It’s time for this month’s scheduled Firefox replace (technically, with 28 days between updates, you generally get two updates in a single calendar month, however July 2022 isn’t a kind of months)…
…and the excellent news is that the worst bugs listed, which get a danger class of Excessive, are these discovered by Mozilla itself utilizing automated bug-hunting instruments, and lumped togther below two catchall CVE numbers:
- CVE-2022-36320: Reminiscence security bugs mounted in Firefox 103.
- CVE-2022-2505: Reminiscence security bugs mounted in Firefox 103 and 102.1.
The explanation that these bugs are break up into two teams is that Mozilla formally helps two flavours of its browser.
There’s the latest-and-greatest model, at the moment 103, which has all the newest options and related safety fixes.
And there’s the Prolonged Help Launch (ESR) flavour, which synchs up with the options within the newest model each few months, however in between will get safety updates solely, thus bringing in new options solely after they’ve been accessible to check out within the mainstream model for a while.
As you possibly can think about, sysadmins and IT groups who assist Firefox at work usually like ESRs as a result of it means they don’t should foist new options on their very own customers (or take the inevitable assist calls about new menu choices, completely different icons and modified behaviour) with out good warning.
There are virtually all the time not less than a number of bugs mounted within the mainstream Firefox model that don’t seem within the ESR, and thus can’t be mounted there, as a result of the bugs are new, launched within the new code added to assist the brand new options.
That is one more reason that some sysadmins like ESR-style software program, provided that the code in these variations has been geneally uncovered to real-life scrutiny for longer, with out lagging behind on safety patches.
In reality, Mozilla retains two ESR variations, to be able to attempt the earlier and the present ESR variations on the similar time earlier than making the change, thus by no means needing to make use of the cutting-edge model our your manufacturing community in any respect. (See beneath for the newest model numbers of all currently-supported variations.)
Deceptive your clicks
Of the opposite six bugs on the patch checklist, we expect two are intriguing and necessary, as a result of each of them give attackers an opportunity to trick you into clicking one thing that isn’t what it appears:
- CVE-2022-36319: Mouse Place spoofing with CSS transforms. Merely put, this bug implies that a booby-trapped web site may depart your mouse pointer positioned on the fallacious spot within the browser window, in order that clicking your mouse gained’t register the place you anticipate. This trick is commonly known as clickjacking, the place a scammer makes you assume you’re clicking someplace secure, when actually you’re clicking on a hyperlink or button you’d intentionally have prevented if solely you knew. In its easiest type, clickjacking can engineer pretend social media likes or undesirable ad impressions. At worst, it will possibly lead you straight into hurt from phishing assaults or pretend downloads that aren’t apparent, even in the event you’re searching for them.

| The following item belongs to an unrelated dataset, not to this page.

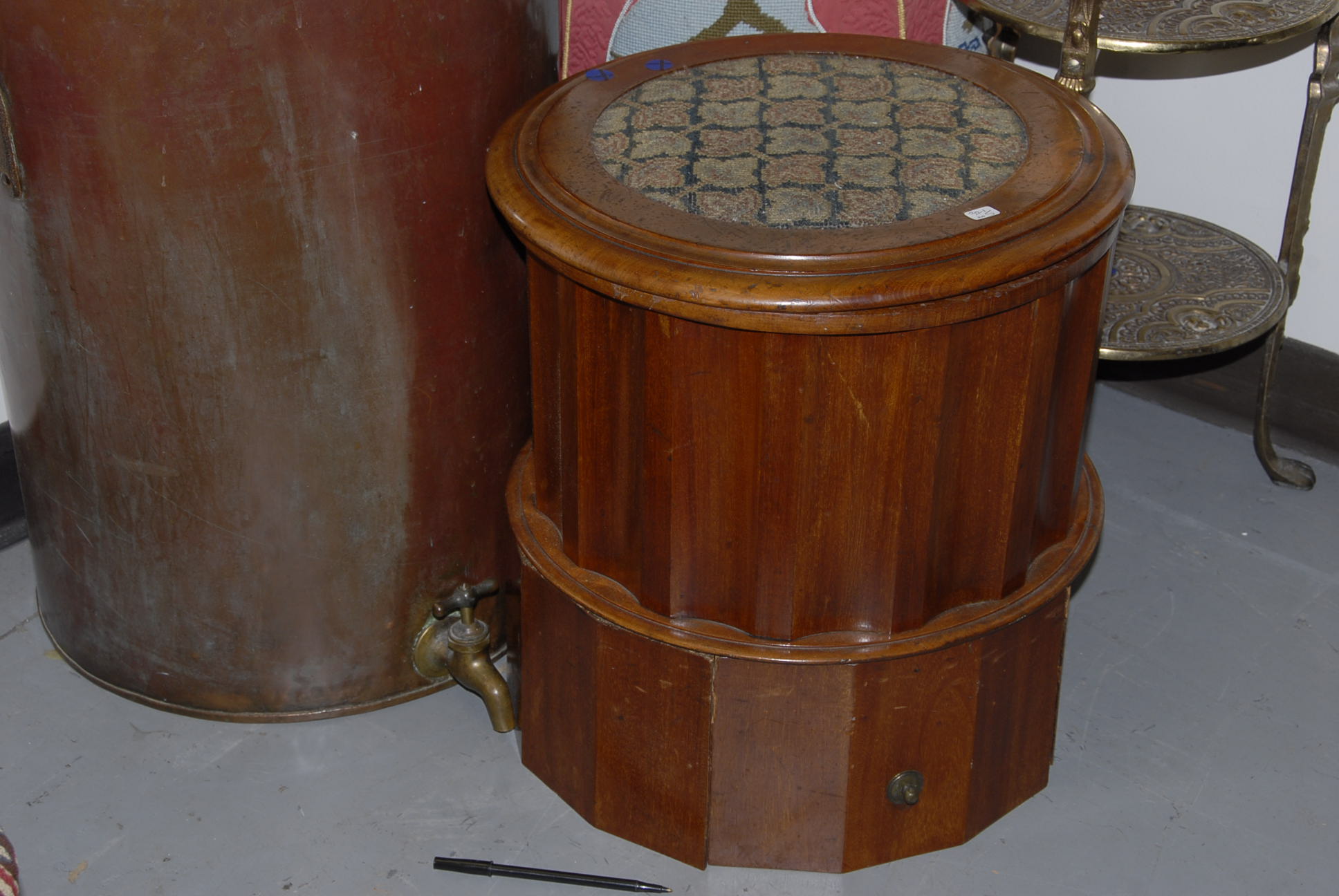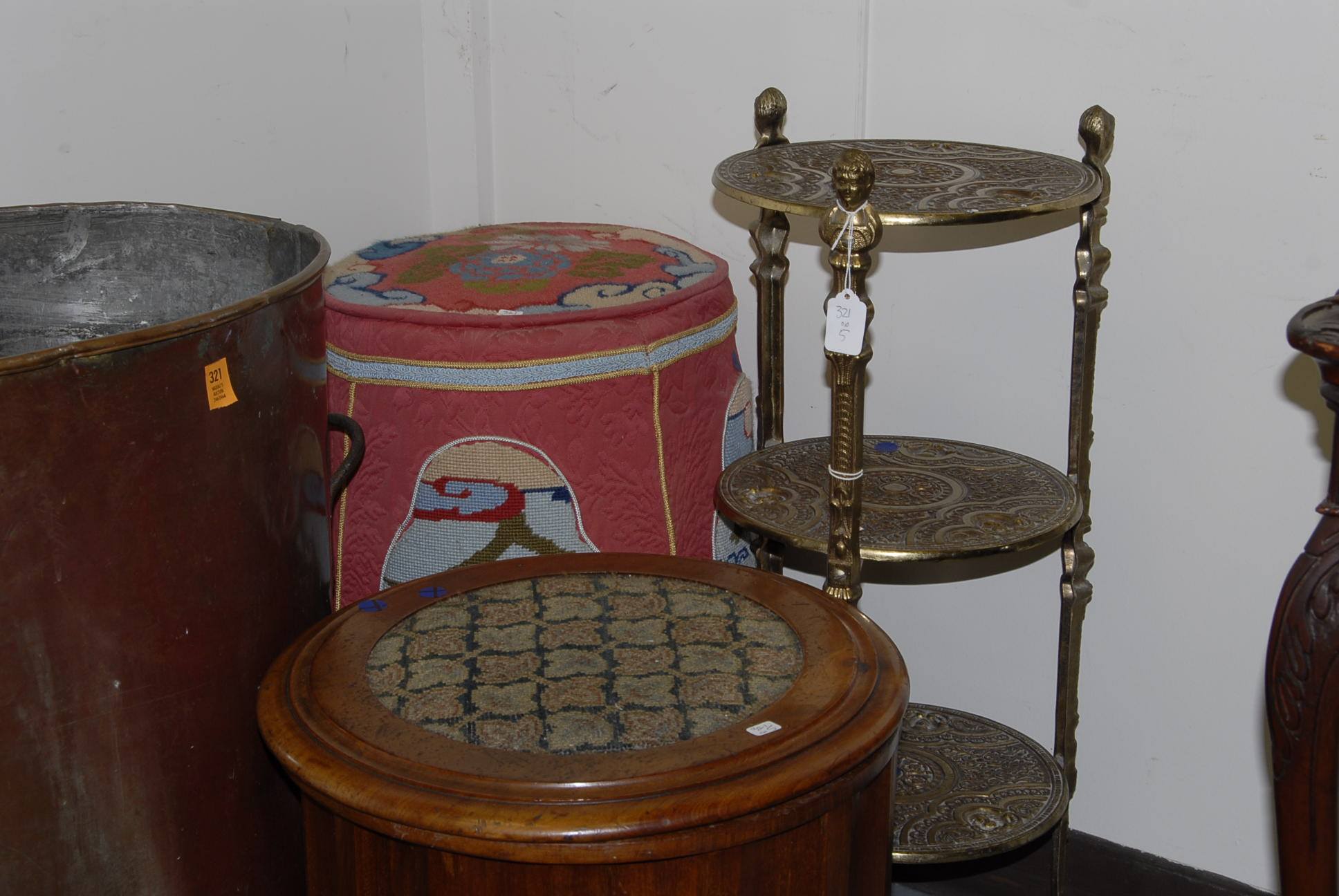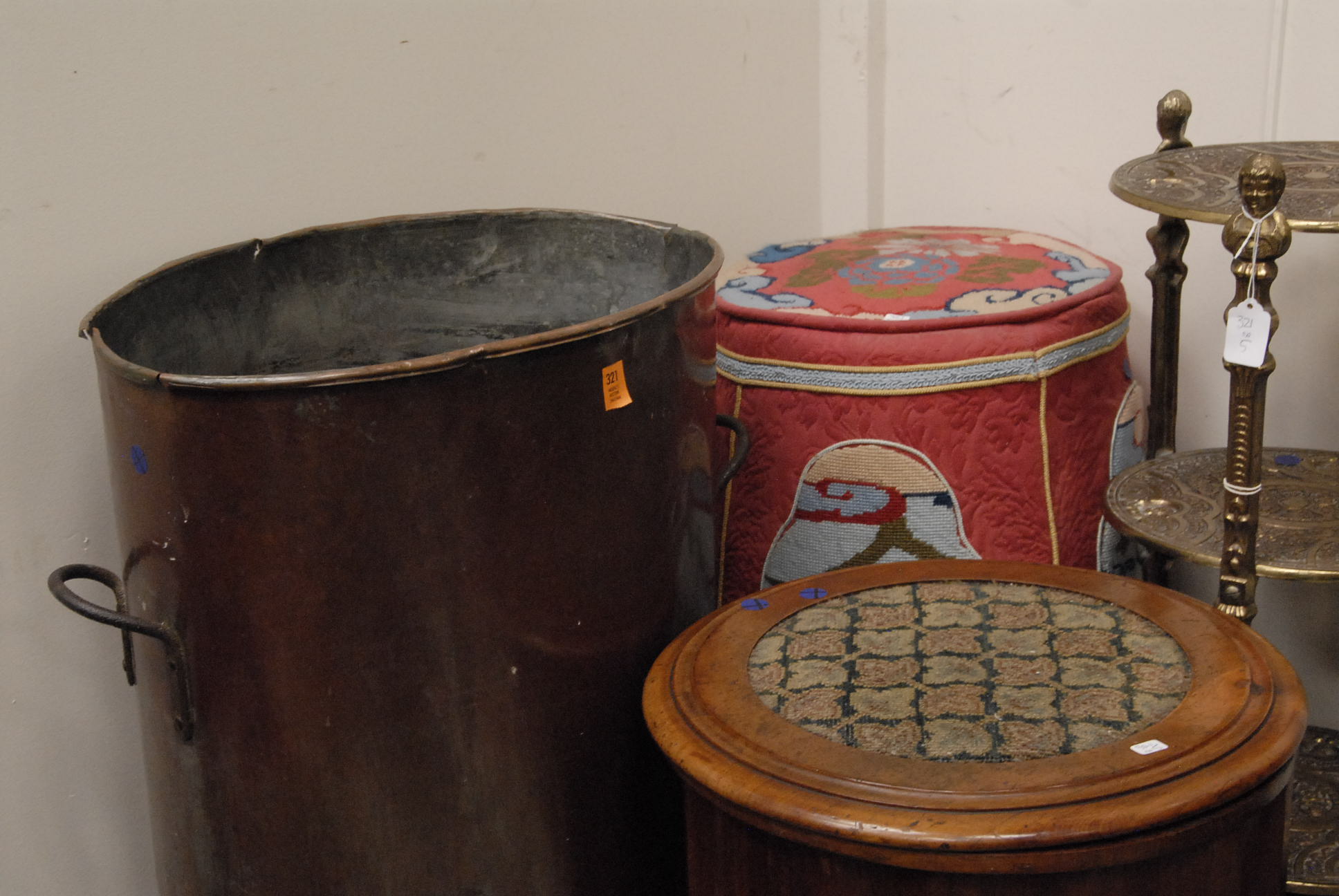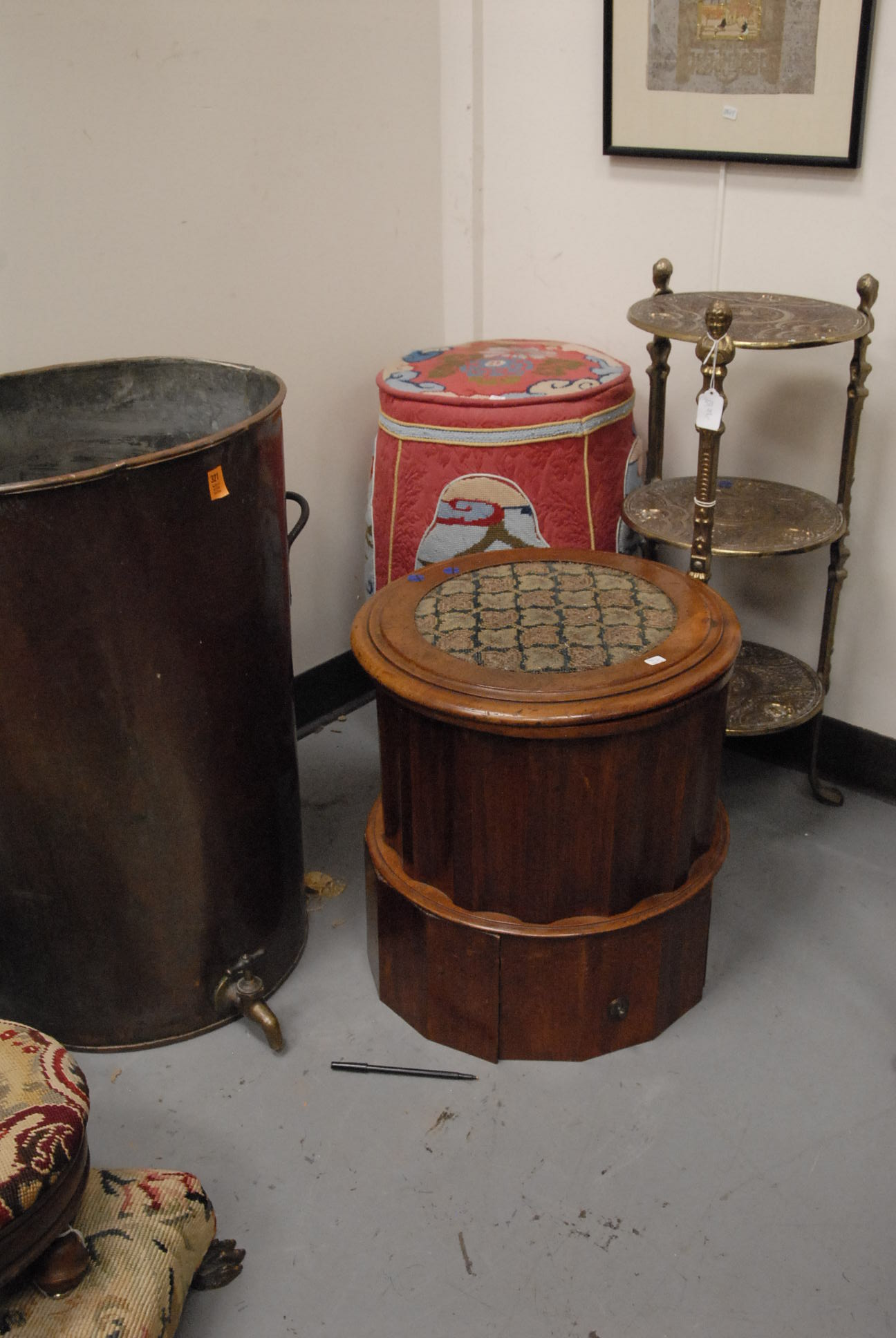 Four piece group lot to include a large copper bucket with a spigot, an early potty, a three tiered chair shelf and a cloth covered seat

- CVE-2022-36314: Opening native
.lnkinformation may trigger surprising community masses.LNKinformation are Home windows shortcuts, that are a complete can of safety worms in their very own proper. (A.LNKfile can sneakily redirect you to a file of kind X, resembling.EXE, whereas presenting itself with an icon of kind Y, resembling.PDF.) On this case, an online hyperlink that specified an area .LNKfile, may, if clicked, redirect you to a file saved someplace on the community as a substitute. Though there’s no suggestion that the information fetched this fashion could possibly be used for distant code execution (in different phrases, to make unauthorised adjustments, together with implanting malware), you might simply be tricked into trusting distant content material below the mistaken impression that it was native knowledge. Any community request leaks some info to the particular person working the server on the different finish, so it’s necessary in your browser to present you an correct concept of the place every hyperlink you click on will take you.
LEARN MORE ABOUT SHORTCUTS AND MALWARE
What to do?
As standard, go to Assist > About Firefox and see whether or not the popup field tells you Firefox is updated or affords you a clickable button labelled [Update to X].
This time, the model you’re after is 103.0 (in the event you’re utilizing the mainstream model), ESR 102.1 (in the event you’re on the latest ESR model), or ESR 91.12 (in the event you’re on the oldest ESR flavour).
As we’ve defined earlier than, however assume it’s value mentioning once more, the 2 numbers within the ESR launch identifiers add collectively to indicate the mainstream launch that they match up with when it comes to safety updates.
So, provided that the present mainstream model is 103, you possibly can shortly inform than 102.1 ESR (102+1 = 103) and 91.12 ESR (91+12 = 103) are the latest releases of their respective lineages.